Its reaallly nice but it would be a very nice addition to include variational autoencoders and Generative adversial networks as well :). Maybe they can be helpful to many struggling with class imbalance during classification
Hey Patrick a really informative and concise video! Thoroughly enjoyed it :DD Just a small correction at 12:51, you used the word dimension while explaining the Normalize transform, whereas the two attributes are just the mean and standard deviation of the resultant normalized data.
It should be noted that the performance difference between Linear and CNN as shown here comes from the chosen compression factor. Linear chose 12 Byte per image, CNN chose 256 Byte per image, where an original image is 784 Byte. So, the CNN code does not compress enough, less than PNG actually! You need two more linear layers to compress 64 down to 16 and then 4.
Great video! Could you provide the same walkthrough for a variational autoencoder? Or point point me to a good walkthrough on the theory and implementation of a variational autoencoder?
Great animations my suggestion is to add in more animations not only in theory but also in the working of the code . Just my suggestion but great video thanks for Ur teaching.
Hey Patrick I used your exact code to train the CNN based autoencoder but couldn't get it to converge without Batch Normalization, after adding BatchNorm2d after every ReLU it works fine, but without it, it doesn't, tried different values for lr from 1e-2 to 1e-5. I was training on MNIST dataset only. the loss becomes NaN or ranges between 0.10 to 0.09.

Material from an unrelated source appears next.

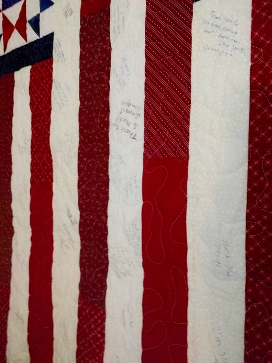 My grandmother has many talents, one of which is making quilts. She’s made myself, my brother and my cousins several quilts upon high school graduation or other significant life events. She is a part of a quilting guild, and when they had heard what happened to me they got to work creating what they called a “Quilt of Valor.” They finished and gave me the quilt, each one having signed it.

I don't understand a little bit the sintaxis. Why do you define the method 'forward' but never call it explicitly ? Maybe the line "recon = model(img)" is where you are using it, but I didn't know that it could be done like this. I would had written "recon = model.forward(img)", is it the same ?
hi, I have a question: if we pass the image as input of the model, it will put the weights to zero and then the output will be exactly the same of the input image. So, why the image is given as input of the model? It doesn't make sense to me. Could yu explain this to me?
If you normalize the input image which is also the label, the values will be between -1 to +1 but your output since passed through sigmoid will be between 0 and 1. How will you decrease loss for pixels that are between -1 to 0 as your predictions will never be less than 0?
you used recons and img as input for loss function, however if we want to train my model and test it we should use "recon" and "labels" as an input for loss function. but the labels are 3D, how we can do that?
Since, AutoEncoder is an unsupervised technique, so, recons and img are used as input to loss function. But, in semi-supervised or supervised methods, yo got labels, so we use them against the predicted values in loss function.